Write out word for word each line from the one containing "Трикотажная майка для" through the close of the listing, including both ends. Pictures do not belong in the copy.

*** EXTRACTED ENTRIES ***

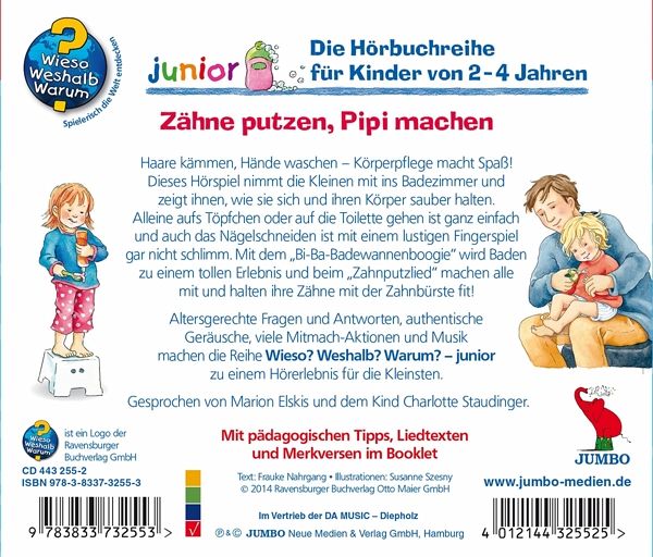 Körperpflege macht Spaß! Wie die Kleinen alleine aufs Töpfchen oder auf die Toilette gehen, wie sie sich richtig die Hände waschen, was beim Haareschneiden passiert und dass Zähneputzen kinderleicht ist, erklärt dieses Hörbuch. Gleichzeitig werden klare und verständliche Antworten darauf gegeben, warum Körperpflege und Hygiene so wichtig sind. Und mit passenden Liedern und Reimen geht alles noch leichter.
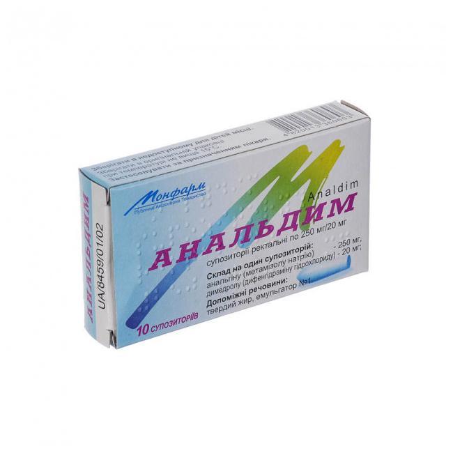 Анальдим производится ведущим фармацевтическим украинским предприятием ОАО «Монфарм». Препарат выпускается в виде ректальных суппозиториев белого или кремового оттенка торпедообразной формы с гладкой поверхностью. 1 свеча содержит 250 или 100 мг анальгина и 20 или 10 мг димедрола соответственно. В качестве основы при изготовлении Анальдима используются твердый жир и эмульгатор № 1.
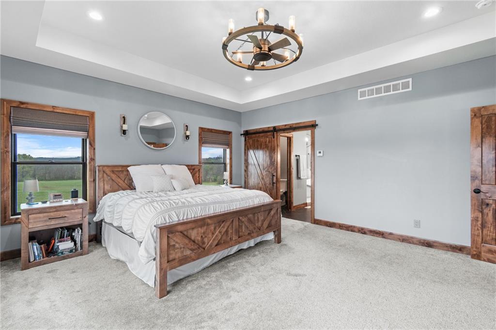 Luxury living meets premier hunting and income-producing land—this one-of-a-kind 189-acre estate offers an unmatched opportunity for the serious outdoorsman or anyone seeking a private rural retreat with the modern comforts this stunning home offers. Meticulously designed with 4,800 square feet of thoughtfully curated living space, where every detail reflects quality and intention. From the moment you step inside, soaring vaulted ceilings and an expansive great room create a striking first impression, seamlessly flowing into a custom chef’s kitchen featuring hand-built cabinetry, quartz countertops, and a spacious walk-in pantry. This home offers 5 bedrooms and 3.5 baths, including a timeless primary suite designed for comfort and relaxation. A fully finished walk-out basement with a wet bar provides the ideal space for entertaining guests or enjoying quiet evenings at home. Function meets convenience with an oversized 3-car attached garage, offering ample room for vehicles, storage, and weekend projects. A whole-house Generac generator ensures uninterrupted comfort and peace of mind, no matter the conditions. Step outside and experience what truly sets this property apart. The 189 acres offer a diverse landscape designed for both recreation and return. With abundant wildlife, this farm is a prime setup for deer and turkey hunting, giving you the chance to build your own trophy legacy right out your back door. A mix of tillable acreage and CRP ground provides consistent income potential while enhancing habitat and land value. Experience the serenity of country living without compromising luxury—this is a property you have to see to believe.
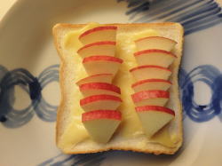 食パンにカスタードジャムを厚めに塗ったら、カットしたリンゴを並べてください。
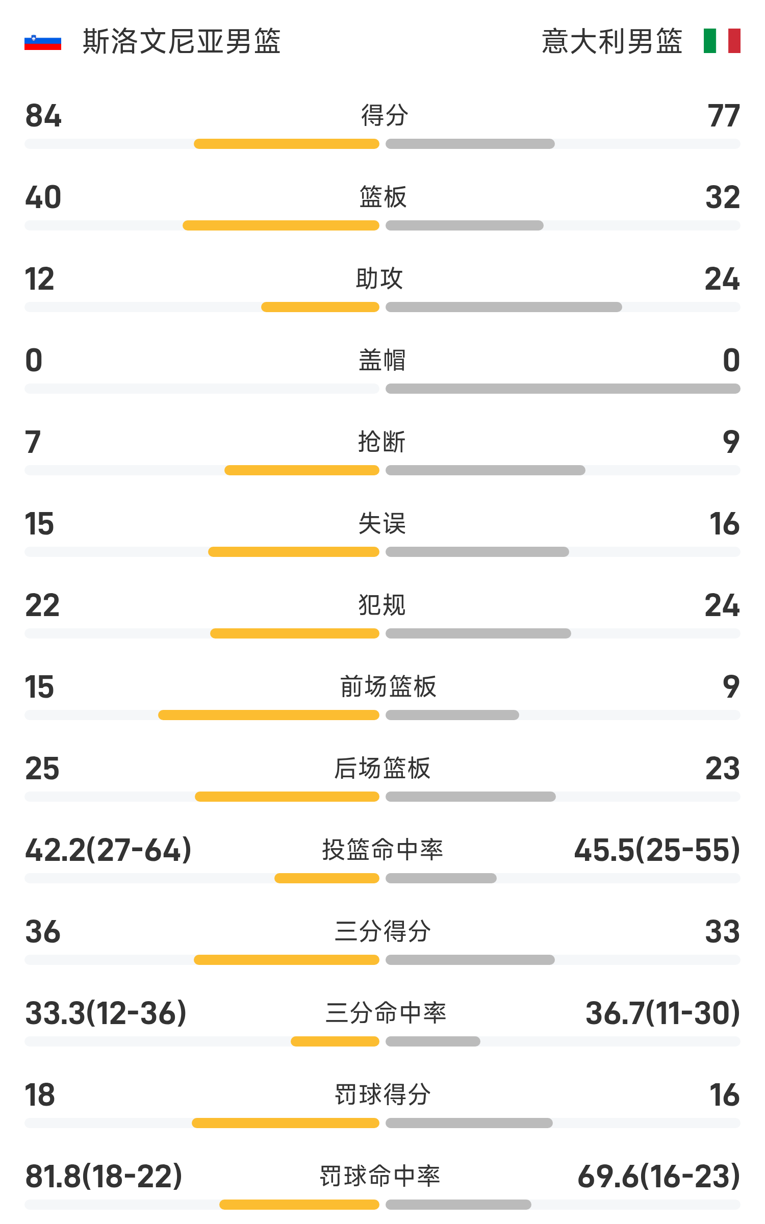 09月08日讯 男篮欧洲杯1/8决赛,意大利男篮对阵斯洛文尼亚男篮。双方全场战罢,意大利男篮77-84不敌斯洛文尼亚男篮。东契奇砍下全场最高的42分10板1助,率领斯洛文尼亚男篮成功取胜。
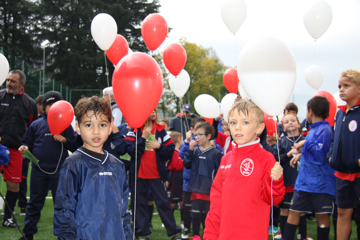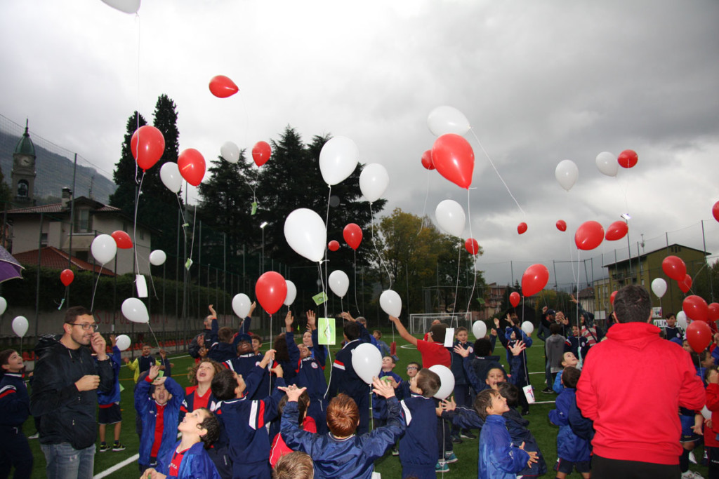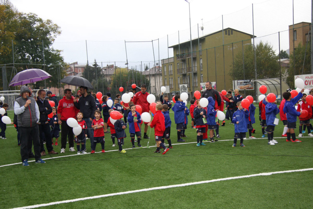 La pioggia e le nuvole non hanno fermato l’entusiasmo dei bambini della scuola calcio della Rovinata che hanno lanciato verso il cielo palloncini bianco rossi, cui erano appesi disegni e slogan composti dagli stessi giovani atleti: il verde del nuovo manto sintetico, la gioia dei bambini della Rovinata ed i palloncini che hanno spiccato il volo verso l’alto sono riusciti a colorare persino il cielo grigio.
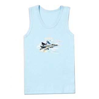 Трикотажная майка для мальчика из чистого хлопка. Материал дышит, не задерживает влагу, его комфортно носить даже очень активным малышам. На груди майки принт в виде самолета, автомобиля или мотоцикла. None
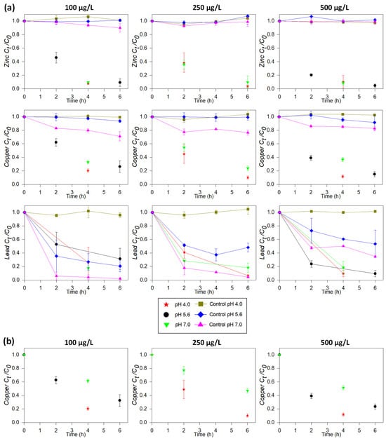 (a) Variation of the normalized concentration (Ct/C0) of Zn(II) (upper line graphics), Cu(II) (middle line graphics), and Pb(II) (bottom line graphics) as function of time (0–6 h), with the respective standard deviation, for initial concentrations of 100 µg/L (left column), 250 µg/L (middle column), and 500 µg/L (right column) and for different pH values (4.0, 5.6, 7.0). (b) Variation of the corrected, normalized concentration (Ct/C0) of Cu(II) as function of time (h), with the respective standard deviation, for initial concentrations of 100 µg/L, 250 µg/L and 500 µg/L and for different pH values (4.0, 5.6, 7.0).

***

● WRITTEN REPLY:
 Трикотажная майка для мальчика из чистого хлопка. Материал дышит, не задерживает влагу, его комфортно носить даже очень активным малышам. На груди майки принт в виде самолета, автомобиля или мотоцикла. None
 (a) Variation of the normalized concentration (Ct/C0) of Zn(II) (upper line graphics), Cu(II) (middle line graphics), and Pb(II) (bottom line graphics) as function of time (0–6 h), with the respective standard deviation, for initial concentrations of 100 µg/L (left column), 250 µg/L (middle column), and 500 µg/L (right column) and for different pH values (4.0, 5.6, 7.0). (b) Variation of the corrected, normalized concentration (Ct/C0) of Cu(II) as function of time (h), with the respective standard deviation, for initial concentrations of 100 µg/L, 250 µg/L and 500 µg/L and for different pH values (4.0, 5.6, 7.0).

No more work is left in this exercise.